# Bill Cooper and 90s right wing politics (where we got the phrase "wake up, sheeple")



## bip (Nov 27, 2021)

if youre american, right wing politics in the 90s are extremely worth looking at.
at the time the us government considered it the number one threat to national security.
neo nazis were not prevalent in right wing politics, they were still considered a radical fringe that nobody really agreed with (they were SOCIALISTS! lol)
there are instances of neo nazis coming to militia meetings trying to be friendly and them being kicked the fuck out.
what changed in 20 years? how did the biggest threat to the us government end up being used by it to supress dissent?

the waco bombing is also extremely significant because of its use as a message to any right wing groups or religious radicals. (the atf burned several children alive, it was similar to the MOVE bombing)
this may be common knowledge but the Oklahoma city bombing was allegedly revenge for the waco attack. (allegedly)

read Behold, a Pale Horse
the wu tang clan recommends it highly

also every episode of the hour of the time can be found here

http://hourofthetime.com/milton-wil...-bill-cooper-hour-of-the-time-mp3-collection/worth noting also that Bill Cooper was extremely anti cop and even killed one before his death
beat that



http://www.hourofthetime.com/bcmp3/695.mp3heres an episode about the police

you can also find the 9/11 broadcast here
all of this is extremely useful for finding orientation here.


----------



## bip (Nov 27, 2021)

i think its really worth noting how much 9/11 changed the landscape.


----------



## bip (Nov 27, 2021)

we are in a one world totalitarian state.


----------



## texastraveler (Nov 27, 2021)

bip said:


> there are instances of neo nazis coming to militia meetings trying to be friendly and them being kicked the fuck out.
> what changed in 20 years?


i think neo-nazis took advantage of the internet's proliferation. the internet gave them a means to blast their message anonymously and free of consequence, as well as creating a bunch of isolated weirdos to recruit.


----------



## Beegod Santana (Nov 27, 2021)

I dunno about that. The Christian identity movement, militia's and neo-nazis have been a revolving door in this country for decades now. CIM isn't Nazi in name, but they essentially believe all the same shit and have big ties to Aryan prison gangs. The compound Randy Weaver met the fed at had big ties to the Aryan Nations. McVeigh supposedly visited a CIM compound in OK right before the OKC bombing, they had people at Waco, ect... Bill was a fucking crack head, I wouldn't take anything he said too seriously.

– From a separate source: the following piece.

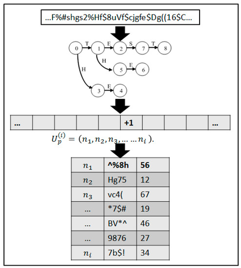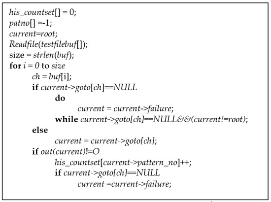 After building an AC state tree, the text data is input for searching. is a string, and the AC state tree searches for patterns by reading the characters of string one by one. In the searching function of the ACC algorithm, when a pattern in is found, yhe counting value is set by Equation (2).

https://www.middlebury.edu/institut...ns/christian-identitys-new-role-extreme-right
https://en.m.wikipedia.org/wiki/Christian_Identity


----------



## NewMexicoJim (Nov 28, 2021)

Neo nazis are racists. KKK in new clothes, rebranded for a new generation with the help of social media. 

Militias have always been around. The Order of Assassins in ancient Persia, the Minutemen of the Revolutionary War, the Mormons who had formed the equivalent of a small nation state before joining the union, Nazis, the KKK, Branch Davidians, etc, were all groups formed to oppose what they saw were intolerable issues in society. Whether for religious, political, racial or other issue, militias are a magnet for the lost, the disenchanted, the lonely who feel empowered by the exclusionary ideology offered by these groups. Plus they get to play with guns. Nothing new going on here. Same song, different verse....


----------



## Matt Derrick (Dec 17, 2021)

@bip has been banned for posting wingnut conspiracy shit / race segregation bullshit


----------